Stored items from a collection:
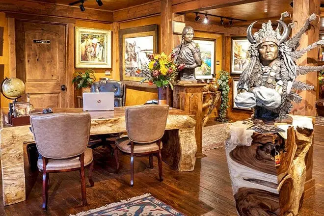 Tómese su tiempo para explorar el primer y segundo piso de esta galería de arte. Su arte no es solo lo que hay en los marcos o en los pedestales, ya que incluso los muebles de madera son obras de arte exquisitas por sí mismos.
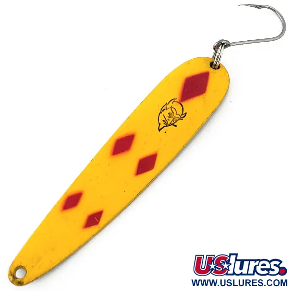 Fünf rote Rauten auf einer leuchtend gelben Emaillierung kennzeichnen diesen 10 cm (4") langen Wurfblinker als ein bedeutendes Stück amerikanischer Angelgeschichte. Auf der messingfarbenen Rückseite sind der Name „SEADEVLET“ und die Herkunft „DETROIT, U.S.A.“ deutlich eingeprägt. Dieses Exemplar mit der Artikelnummer 14918 wiegt 40 g (1 1/3 oz). Das klassische Teufelskopf-Logo von Eppinger ist auf der konkaven Vorderseite zwischen den oberen Rautenmustern scharf abgebildet. Dieser aus starkem Metall gefertigte Köder ist mit einem stabilen Einzelhaken an einem robusten Sprengring ausgestattet – eine Montage, die für ihre Langlebigkeit beim Schleppangeln oder tiefen Werfen geschätzt wird. Aus Sammlersicht ist das Finish außergewöhnlich gut erhalten und weist nur minimale Altersspuren auf, was eine Zustandsbewertung von 5/5 rechtfertigt. Das Seadevle-Design repräsentiert ein spezielles Kapitel der Detroiter Tradition des Herstellers und nutzt ein schmaleres, länglicheres Profil als der Standard-Dardevle, um tiefere Wasserschichten zu erreichen.
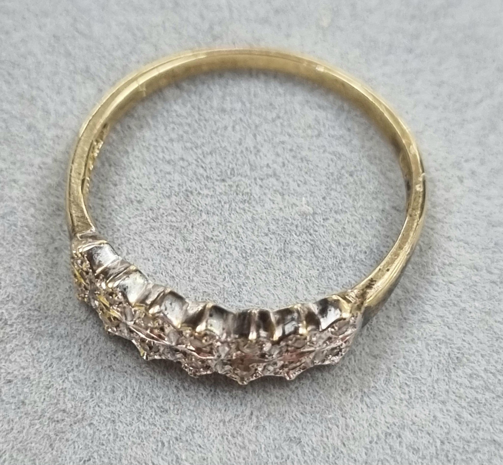 9ct gold ring with 2 rows of diamond chips 0.10ct set along the top. The ring is a size "N1/2" and weighs 1.86 grams.
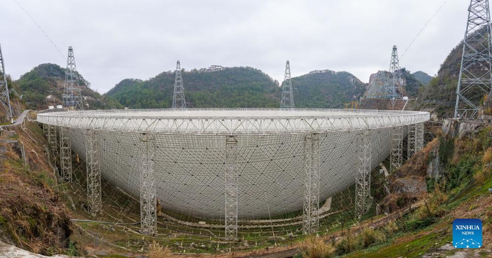 Imagen del 18 de febrero de 2025 del Radiotelescopio Esférico de Apertura de Quinientos Metros (FAST, por sus siglas en inglés) de China en mantenimiento, en la provincia de Guizhou, en el suroeste de China. En los últimos a?os, Guizhou ha aprovechado sus recursos de investigación científica como el FAST para desarrollar viajes educativos por la ciencia, una opción favorable en toda China para las mentes inquisitivas que buscan embarcarse en un viaje de conocimiento y exploración en la ciencia. Por ejemplo, FAST, el radiotelescopio de un solo plato más grande del mundo, atrajo a 1.298 millones de visitantes para viajes educativos para la ciencia en 2024. (Xinhua/Liu Xu)
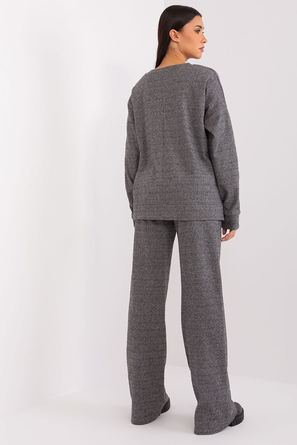 Casual women's set consisting of a blouse and pants. Sweatshirt of a looser cut with long sleeves and a heart-shaped neckline. Long pants with wider legs with an elastic band and binding at the waist.
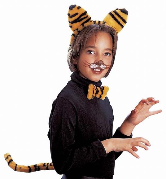 Un simpatico kit di accessori felini perfetto per Carnevale o feste a tema, composto da cerchietto con orecchie, papillon coordinato e una lunga coda tigrata. Gli elementi sono realizzati in morbido tessuto peluche con la classica fantasia a strisce gialle e nere.
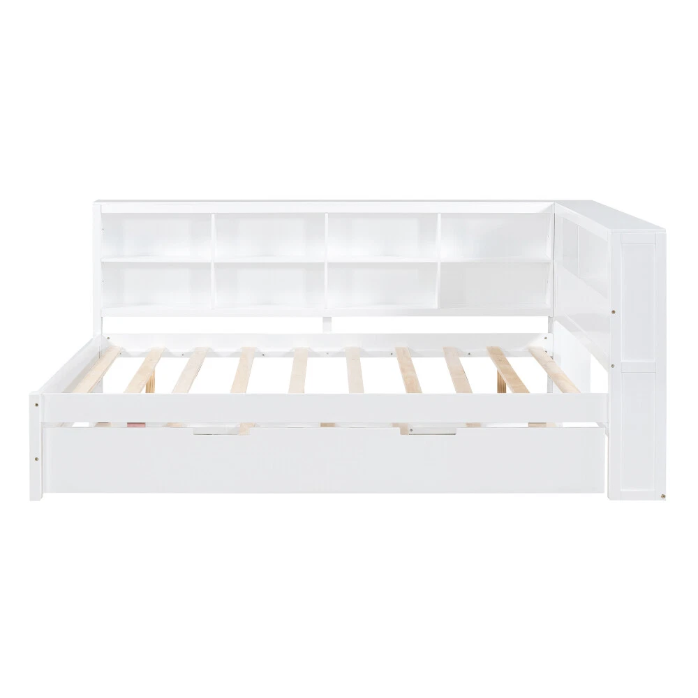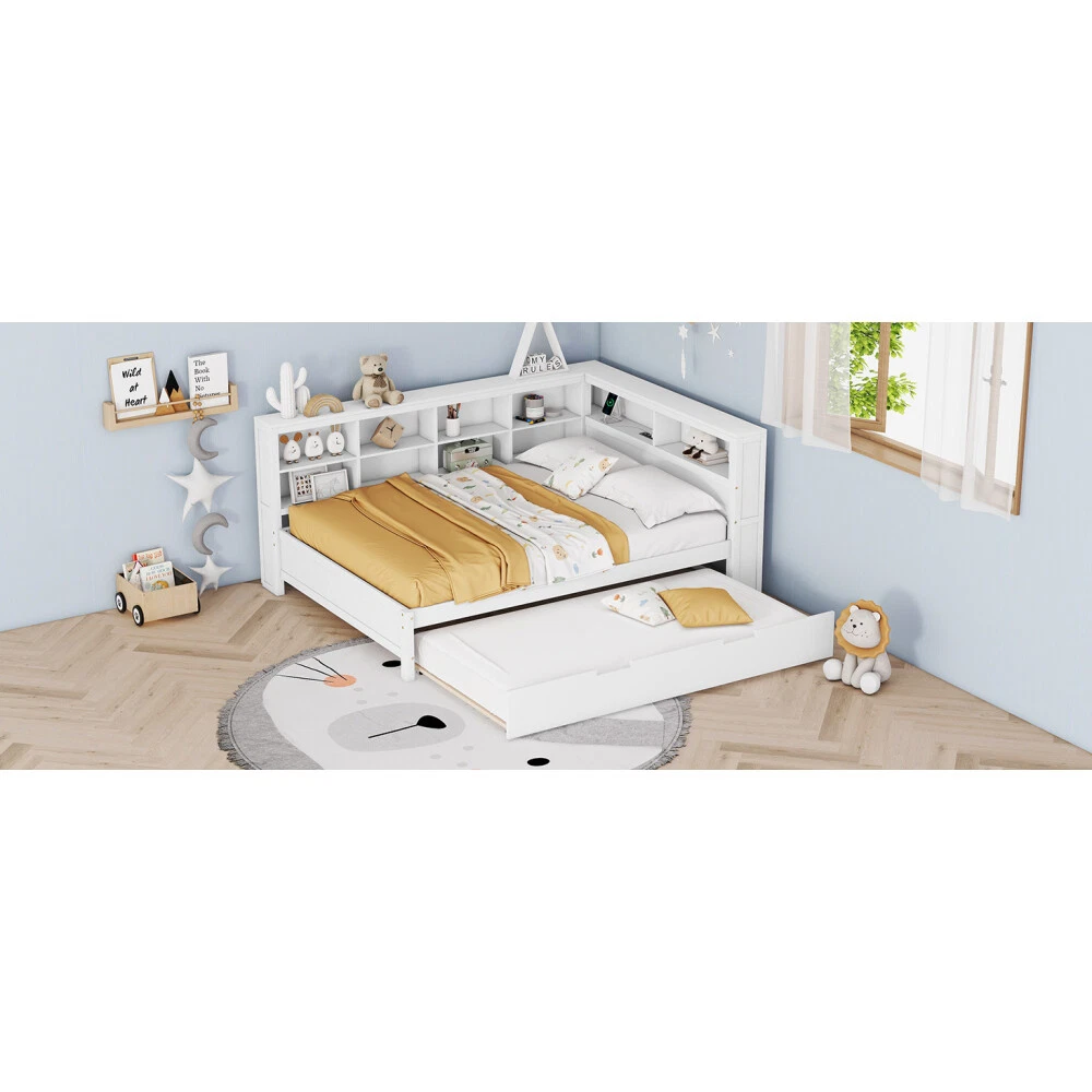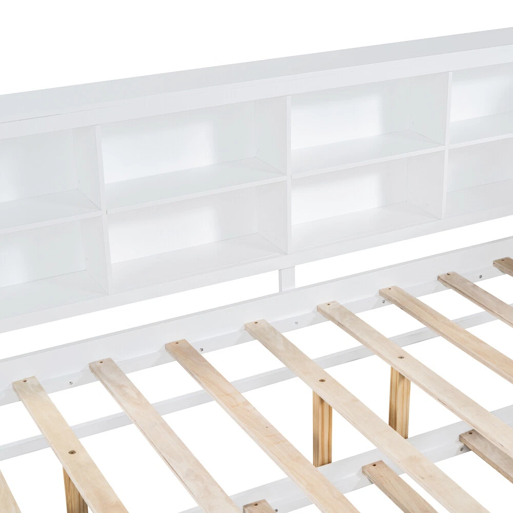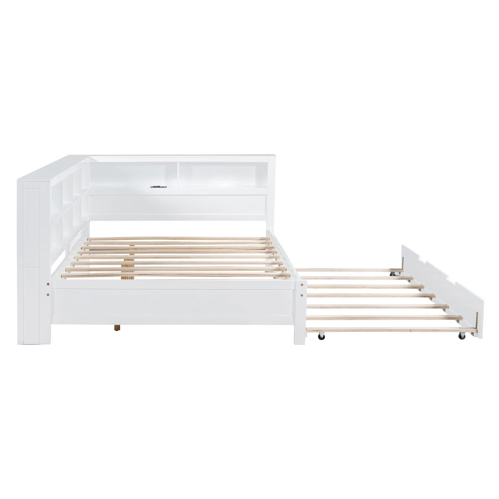 Elegant design: This daybed is designed with pine wood material, available in grey or white color. It is not only suitable for any home decoration, but also designed to last forever. Daybed Frame with Charging Station: This unique full size daybed frame is designed with a USB port charging station to allow you to charge or use electronic devices while you sleep, providing even more convenience and comfort. Space-saving:The daybed includes one trundle, which can be rolled out to provide extra sleeping space. This design is ideal for families with children or users who need to host guests frequently. There is a double-layer storage shelf next to the bed, where users can store bedding, toys and other items. Superior Quality: Made of high-quality MDF, the frame of this bed is not easy to be affected by humidity change and lead to crack. The strong legs, wide boards and 10 slats for bed,not only improve the weight capacity of the bed greatly but also ensure the stability. Product Dimension: Overall Product Dimension: 83.9"L X 63.3"W X 36.6"H. Bed suitable for full size mattresses. Wooden Full Size DayBed with Trundle, DayBed with Storage Shelf and USB Charging Ports, White This day bed is designed with pine wood material, available in grey or white color. It comes with a double-layer shelf for convenient storage and one pull-out bed for extra sleeping space. In addition, it is equipped with a USB charging station for electronic devices. This design is not only practical but also stylish, making it an ideal choice for any modern bedroom. The solid pine wood frame ensures durability and stability, while the sleek and minimalist design adds a touch of elegance to any room.
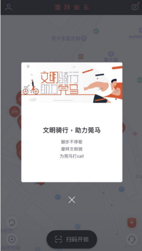 (摩拜单车app提示文明骑行)
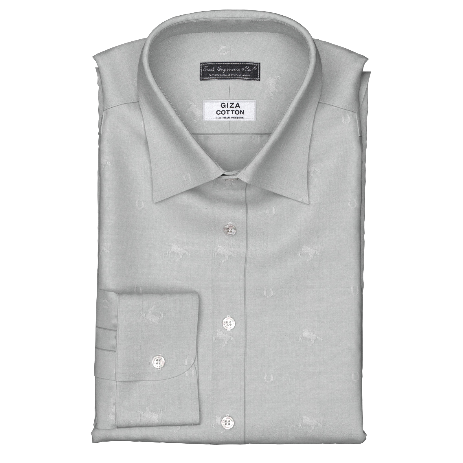 上質で知られるGIZA96のグレー 馬と蹄鉄柄ドビー100双糸生地です。

▶ **Your assignment**: Quote every entry exactly, with the pictures omitted.

▶ **Finished task**:
 Tómese su tiempo para explorar el primer y segundo piso de esta galería de arte. Su arte no es solo lo que hay en los marcos o en los pedestales, ya que incluso los muebles de madera son obras de arte exquisitas por sí mismos.
 Fünf rote Rauten auf einer leuchtend gelben Emaillierung kennzeichnen diesen 10 cm (4") langen Wurfblinker als ein bedeutendes Stück amerikanischer Angelgeschichte. Auf der messingfarbenen Rückseite sind der Name „SEADEVLET“ und die Herkunft „DETROIT, U.S.A.“ deutlich eingeprägt. Dieses Exemplar mit der Artikelnummer 14918 wiegt 40 g (1 1/3 oz). Das klassische Teufelskopf-Logo von Eppinger ist auf der konkaven Vorderseite zwischen den oberen Rautenmustern scharf abgebildet. Dieser aus starkem Metall gefertigte Köder ist mit einem stabilen Einzelhaken an einem robusten Sprengring ausgestattet – eine Montage, die für ihre Langlebigkeit beim Schleppangeln oder tiefen Werfen geschätzt wird. Aus Sammlersicht ist das Finish außergewöhnlich gut erhalten und weist nur minimale Altersspuren auf, was eine Zustandsbewertung von 5/5 rechtfertigt. Das Seadevle-Design repräsentiert ein spezielles Kapitel der Detroiter Tradition des Herstellers und nutzt ein schmaleres, länglicheres Profil als der Standard-Dardevle, um tiefere Wasserschichten zu erreichen.
 9ct gold ring with 2 rows of diamond chips 0.10ct set along the top. The ring is a size "N1/2" and weighs 1.86 grams.
 Imagen del 18 de febrero de 2025 del Radiotelescopio Esférico de Apertura de Quinientos Metros (FAST, por sus siglas en inglés) de China en mantenimiento, en la provincia de Guizhou, en el suroeste de China. En los últimos a?os, Guizhou ha aprovechado sus recursos de investigación científica como el FAST para desarrollar viajes educativos por la ciencia, una opción favorable en toda China para las mentes inquisitivas que buscan embarcarse en un viaje de conocimiento y exploración en la ciencia. Por ejemplo, FAST, el radiotelescopio de un solo plato más grande del mundo, atrajo a 1.298 millones de visitantes para viajes educativos para la ciencia en 2024. (Xinhua/Liu Xu)
 Casual women's set consisting of a blouse and pants. Sweatshirt of a looser cut with long sleeves and a heart-shaped neckline. Long pants with wider legs with an elastic band and binding at the waist.
 Un simpatico kit di accessori felini perfetto per Carnevale o feste a tema, composto da cerchietto con orecchie, papillon coordinato e una lunga coda tigrata. Gli elementi sono realizzati in morbido tessuto peluche con la classica fantasia a strisce gialle e nere.
 Elegant design: This daybed is designed with pine wood material, available in grey or white color. It is not only suitable for any home decoration, but also designed to last forever. Daybed Frame with Charging Station: This unique full size daybed frame is designed with a USB port charging station to allow you to charge or use electronic devices while you sleep, providing even more convenience and comfort. Space-saving:The daybed includes one trundle, which can be rolled out to provide extra sleeping space. This design is ideal for families with children or users who need to host guests frequently. There is a double-layer storage shelf next to the bed, where users can store bedding, toys and other items. Superior Quality: Made of high-quality MDF, the frame of this bed is not easy to be affected by humidity change and lead to crack. The strong legs, wide boards and 10 slats for bed,not only improve the weight capacity of the bed greatly but also ensure the stability. Product Dimension: Overall Product Dimension: 83.9"L X 63.3"W X 36.6"H. Bed suitable for full size mattresses. Wooden Full Size DayBed with Trundle, DayBed with Storage Shelf and USB Charging Ports, White This day bed is designed with pine wood material, available in grey or white color. It comes with a double-layer shelf for convenient storage and one pull-out bed for extra sleeping space. In addition, it is equipped with a USB charging station for electronic devices. This design is not only practical but also stylish, making it an ideal choice for any modern bedroom. The solid pine wood frame ensures durability and stability, while the sleek and minimalist design adds a touch of elegance to any room.
 (摩拜单车app提示文明骑行)
 上質で知られるGIZA96のグレー 馬と蹄鉄柄ドビー100双糸生地です。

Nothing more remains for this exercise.